Здесь мне придется закончить чтение Фуко. И попытаться в заключение буквально в нескольких фразах обозначить тот позитивный ход Фуко в обсуждении проблемы «нормы» и «отклонения» – не только «нормы» человеческой сексуальности, но и «нормы» человека и человеческой жизни вообще, – который был намечен им в небольшом по размеру интервью, которое незадолго до смерти он дал одному американскому «голубому» журналу.
По своему внутреннему содержанию это – очень личное и открытое интервью, потребовавшее от Фуко, надо думать, мужества и свободы – действительной внутренней свободы. Он, конечно же, прекрасно понимал, почему журналист именно к нему обратился со своими вопросами о гомосексуальности – понятное дело не потому только, и даже: вовсе не потому, что Фуко – автор пусть и «нашумевшей», но нашумевшей скорее «за глаза» книги, ибо вряд ли бы нашелся хотя бы один читатель этого журнала, который эту книгу прочел (из характера задаваемых журналистом вопросов можно заключить, что и он едва ли дал себе труд всерьез ознакомиться с ней!); и не для того даже, чтобы использовать уникальную возможность получить от самого автора доступное для широкой публики и вместе с тем авторитетное изложение основных его мыслей и взглядов. Ясное дело, что, прежде всего – потому, что Фуко сам есть «особый случай», или «экземпляр», гомосексуала и, тем самым, его рассуждения на эту тему должны обладать для читателей особой «пикантностью», а вместе с тем, поскольку случай Фуко – это случай особого, выдающегося человека и к тому же еще – философа, обладающего огромным авторитетом в интеллектуальном мире, то самая «демонстрация» его в качестве представителя этой «отверженной» части рода человеческого должна способствовать «самоутверждению» каждого гомосексуала как в своих собственных глазах, так и в глазах общества (установка, которая пронизывает, чтобы не ходить далеко, недавно вышедшее у нас в переводе «Жизнеописание ста наиболее выдающихся (так!) геев и лесбиянок» всех времен и народов, где Фуко, кстати, отводится весьма почетное место «под нумером тридцать вторым» (!?) сразу вслед за Марселем Прустом).

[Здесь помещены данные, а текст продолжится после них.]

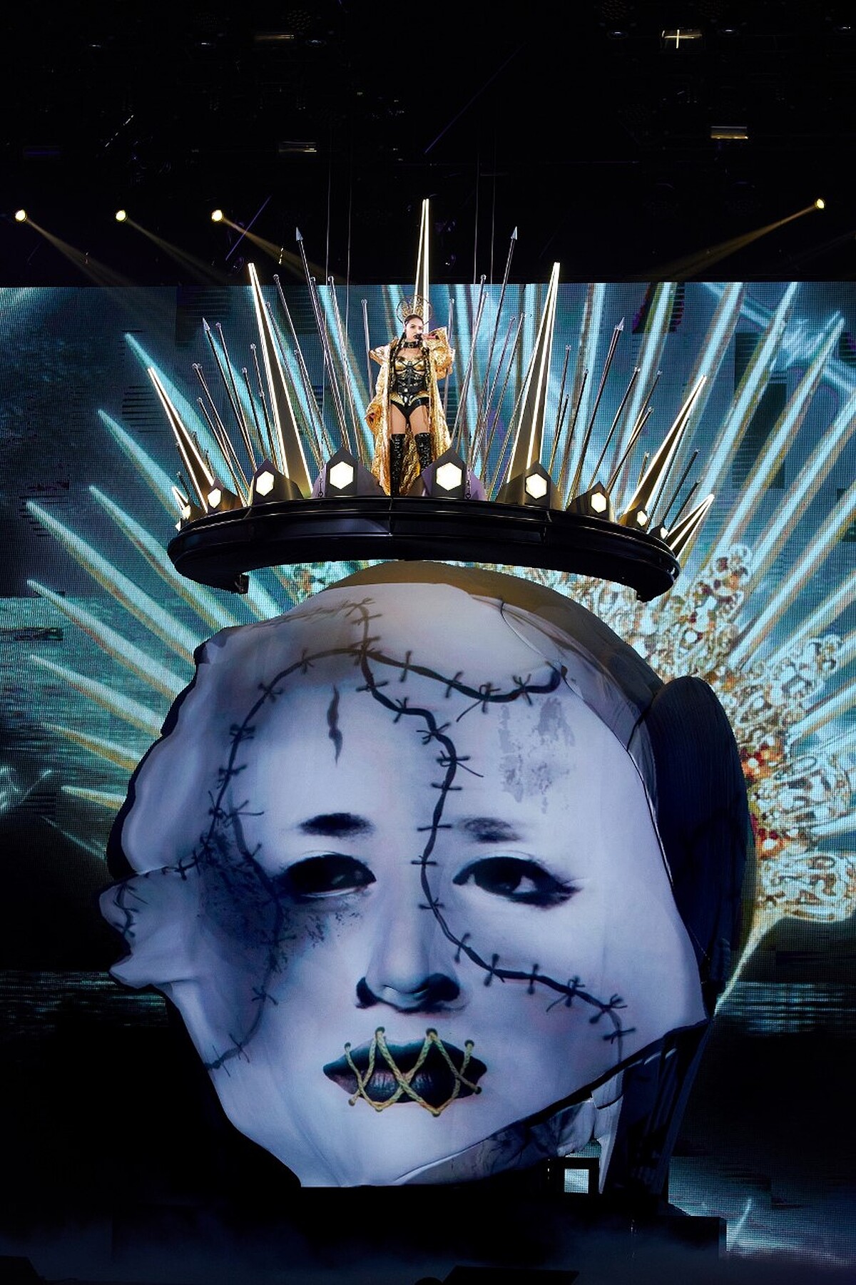 「蔡依林 Ugly Beauty 2019-2020世界巡迴演唱會」高雄站光開場就下重本,化身惡之女王的她登七層樓高「提頭」現身,這次竟在這顆「ugly beauty頭顱」動手腳,特別為它「加冕」了一個巨型「惡之皇冠」,從美國訂製並空運來台,費用約台幣600萬。

И до поры до времени забавно – но с какого-то момента это начинает вызывать тоску и даже раздражение, – как собеседник Фуко маниакально упорно пытается снова и снова повернуть беседу на эту наезженную дорожку. С Фуко, правда, этот номер не проходит, и он так же упрямо гнет свою, совершенно перпендикулярную линию.
А линия эта состоит в том, чтобы дать понять – не своему собеседнику уже даже: с какого-то момента Фуко приходится махнуть на него рукой, но – читателям, нам дать понять, что действительная проблема состоит тут не в том, чтобы добиться «равноправия» для гомосексуалов, не в том, чтобы заставить общество признать право на существование – и именно как «нормальных» – существующих форм гомосексуальных отношений, соответствующих форм жизни, не в том, стало быть, чтобы доказать, что они, эти существующие формы гомосексуальных отношений» такие же нормальные, как и гетеросексуальные, но в том, чтобы понять, наконец, как это ни парадоксально на первый взгляд, нечто прямо противоположное: что существующие формы гомосексуальной жизни – глубоко ненормальные и даже – патологические, больные, нездоровые формы жизни, – такие же ненормальные и даже патологические, как и… существующие формы так называемой «нормальной» и «здоровой», гетеросексуальной жизни!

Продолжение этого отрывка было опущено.